● **Exercise objective**: Return the listing verbatim, images left out.

● **Exercise materials**:
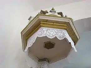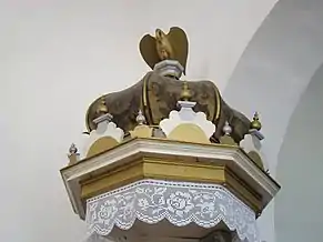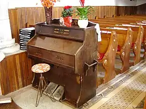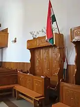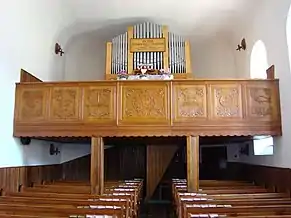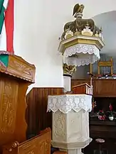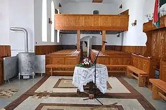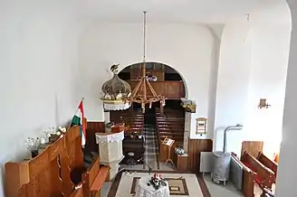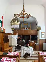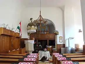 Din mobilierul bisericii realzat de Umling, a mai rămas doar coroana amvonului. Amvonul sculptat în piatră este opera lui David Sípos din 1765. În 1992, biserica a primit mobilier cu elemente noi ale simbolurilor bisericii. Vechea orgă realizată de meșterul Kolonits a fost înlocuită în anul 1993 cu una nouă construită de József Molnár[2].
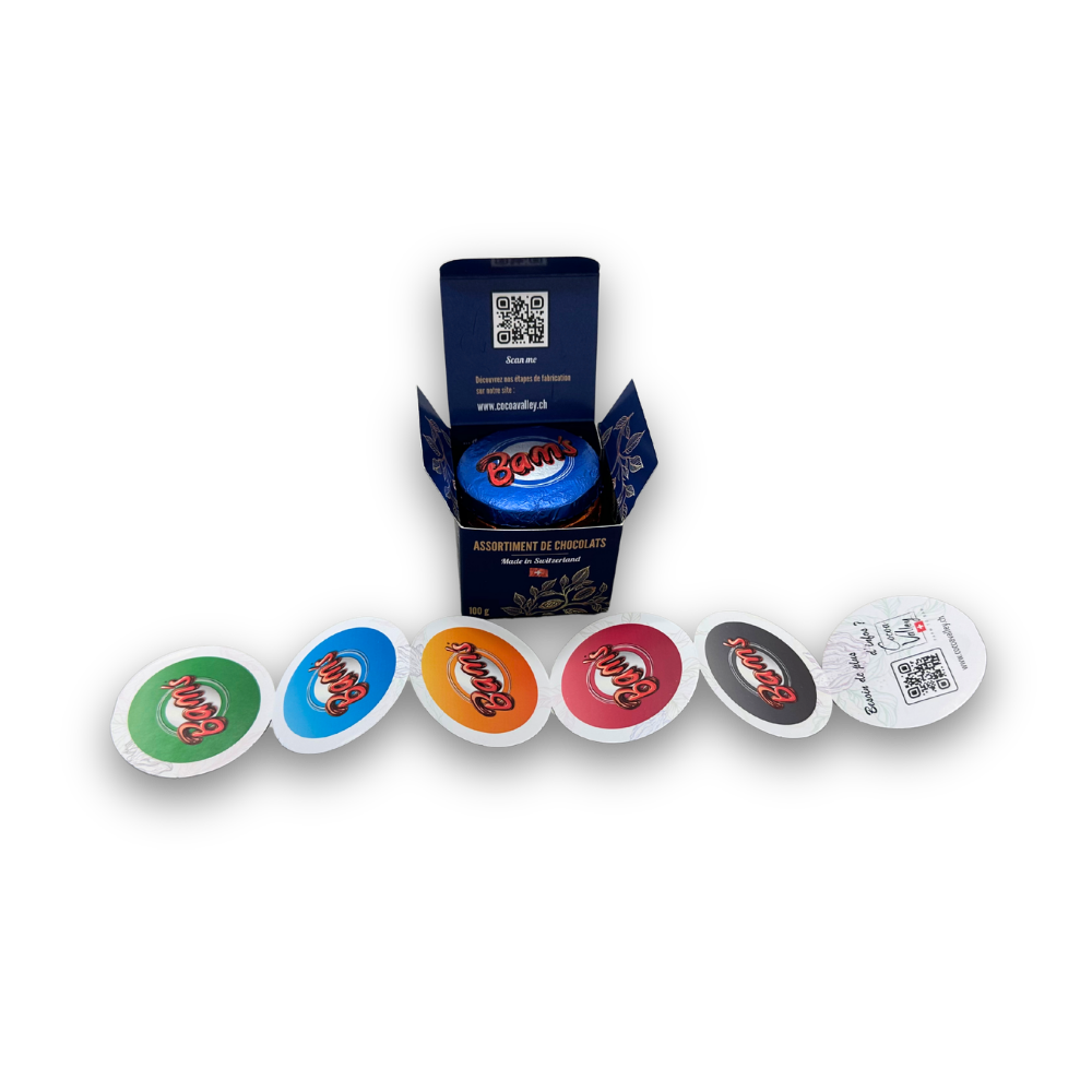 Discover the perfect alliance of intensity and elegance with our Premium box of 5 assorted chocolates. Each 20g piece is a promise of pure pleasure, carefully individually wrapped to preserve its freshness and satisfying crunch, while guaranteeing a perfectly hygienic tasting experience, perfect for sharing.
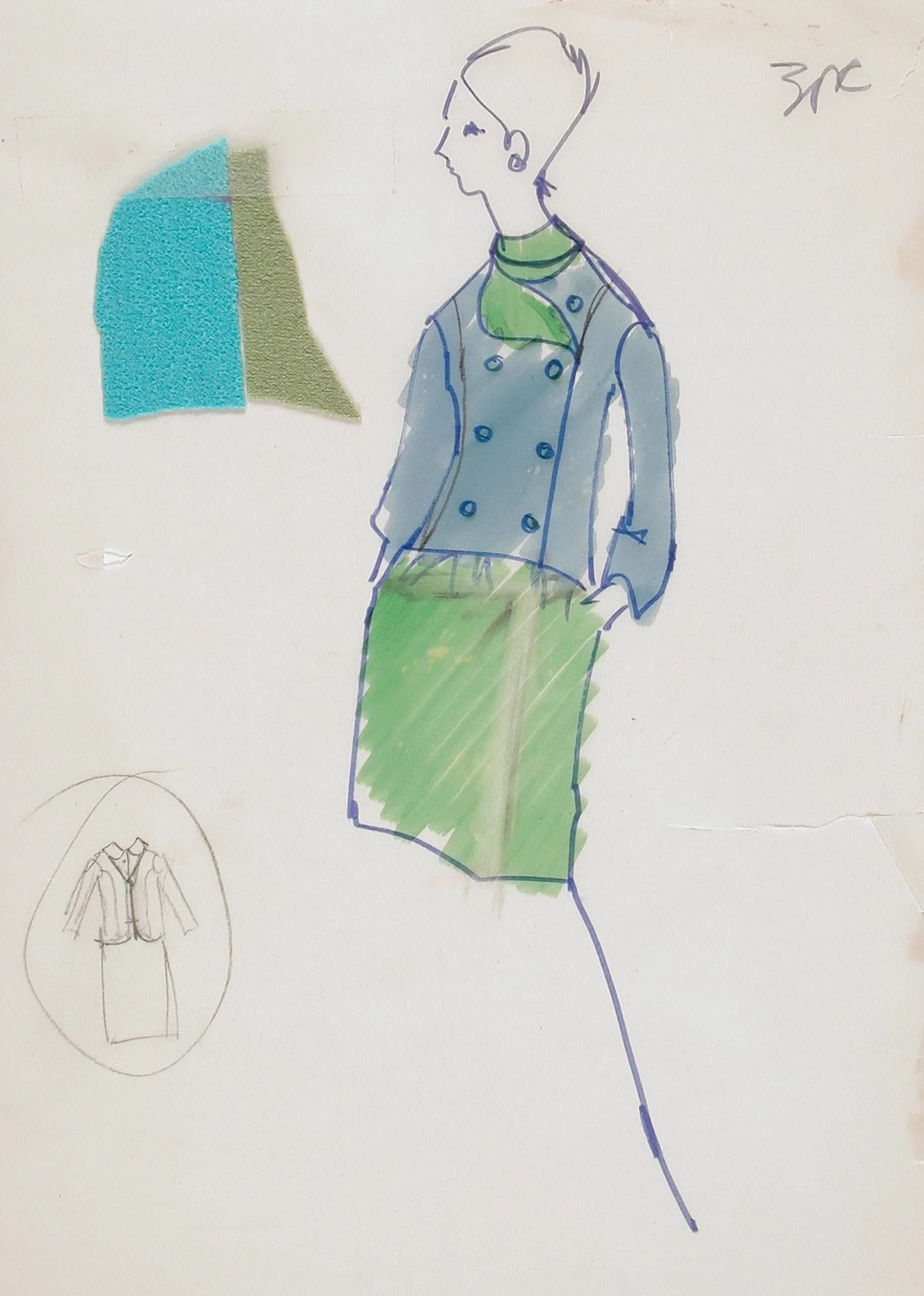 Fashion illustration in blue ink and watercolor on off-white paper, showing a stylized profile figure in a powder-blue double-breasted jacket and kelly-green skirt, with two fabric swatches affixed to the left
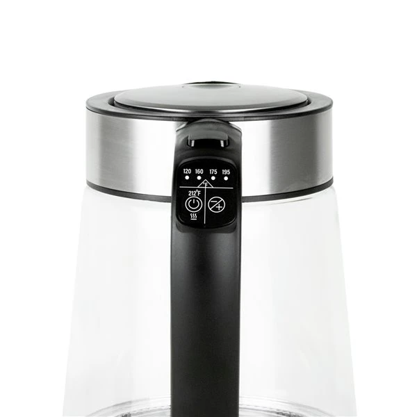 Faites bouillir de l’eau plus rapidement avec la bouilloire électrique numérique de 1,7 L à ébullition rapide Kalorik. Dotée d’une puissance de 1750 watts, cette bouilloire numérique utilise la technologie à ébullition rapide et peut contenir jusqu’à 7 tasses d’eau. Elle est idéale pour le thé et le café soluble. La fonctionnalité du contrôle numérique de la température offre 4 réglages : 120 °F, 160 °F, 175 °F, 195 °F et une fonction (ébullition) pour s’adapter aux températures d’infusion spécifiques de chaque thé. De plus, une lumière DEL illumine la bouilloire pendant l’ébullition. Elle comprend également une commande de thermostat STRIX, une protection contre l’ébullition et un arrêt automatique.Capacité de 1,7 L, peut bouillir jusqu’à 7 tasses d’eau1750 watts de puissance et comprend la technologie à ébullition rapideCinq lumières DEL changent de couleur en fonction de la températureFiltre amovible lavable
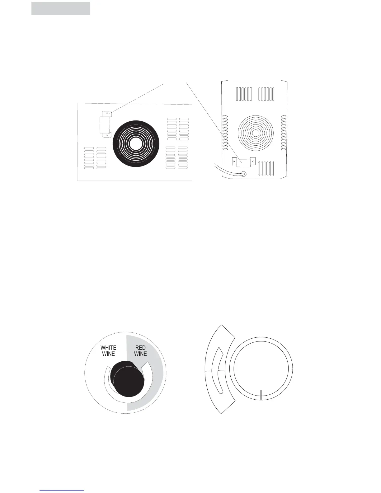 • Your wine cellar has a temperature control knob on the back of the unit. There are
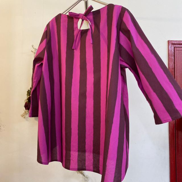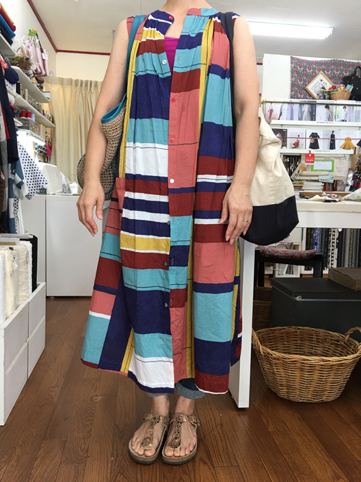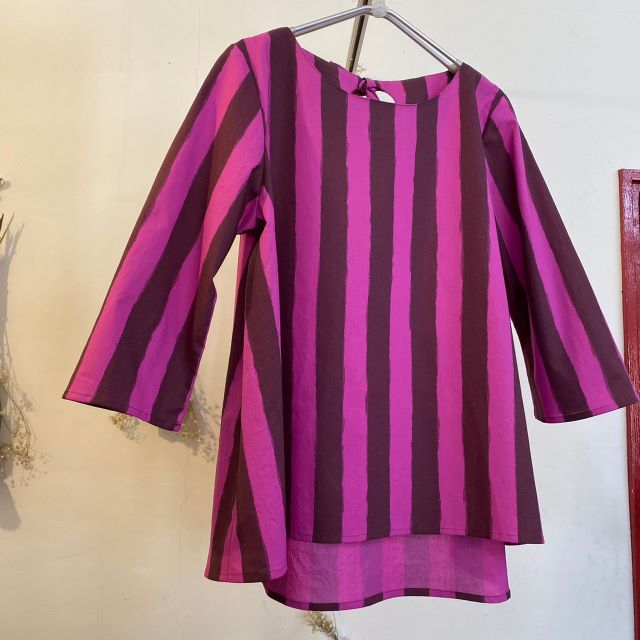 ●こちらも大人気のAラインチュニック。イチオシのボーダー柄で作りました。

● **Answer box**:
 Din mobilierul bisericii realzat de Umling, a mai rămas doar coroana amvonului. Amvonul sculptat în piatră este opera lui David Sípos din 1765. În 1992, biserica a primit mobilier cu elemente noi ale simbolurilor bisericii. Vechea orgă realizată de meșterul Kolonits a fost înlocuită în anul 1993 cu una nouă construită de József Molnár[2].
 Discover the perfect alliance of intensity and elegance with our Premium box of 5 assorted chocolates. Each 20g piece is a promise of pure pleasure, carefully individually wrapped to preserve its freshness and satisfying crunch, while guaranteeing a perfectly hygienic tasting experience, perfect for sharing.
 Fashion illustration in blue ink and watercolor on off-white paper, showing a stylized profile figure in a powder-blue double-breasted jacket and kelly-green skirt, with two fabric swatches affixed to the left
 Faites bouillir de l’eau plus rapidement avec la bouilloire électrique numérique de 1,7 L à ébullition rapide Kalorik. Dotée d’une puissance de 1750 watts, cette bouilloire numérique utilise la technologie à ébullition rapide et peut contenir jusqu’à 7 tasses d’eau. Elle est idéale pour le thé et le café soluble. La fonctionnalité du contrôle numérique de la température offre 4 réglages : 120 °F, 160 °F, 175 °F, 195 °F et une fonction (ébullition) pour s’adapter aux températures d’infusion spécifiques de chaque thé. De plus, une lumière DEL illumine la bouilloire pendant l’ébullition. Elle comprend également une commande de thermostat STRIX, une protection contre l’ébullition et un arrêt automatique.Capacité de 1,7 L, peut bouillir jusqu’à 7 tasses d’eau1750 watts de puissance et comprend la technologie à ébullition rapideCinq lumières DEL changent de couleur en fonction de la températureFiltre amovible lavable
 • Your wine cellar has a temperature control knob on the back of the unit. There are
 ●こちらも大人気のAラインチュニック。イチオシのボーダー柄で作りました。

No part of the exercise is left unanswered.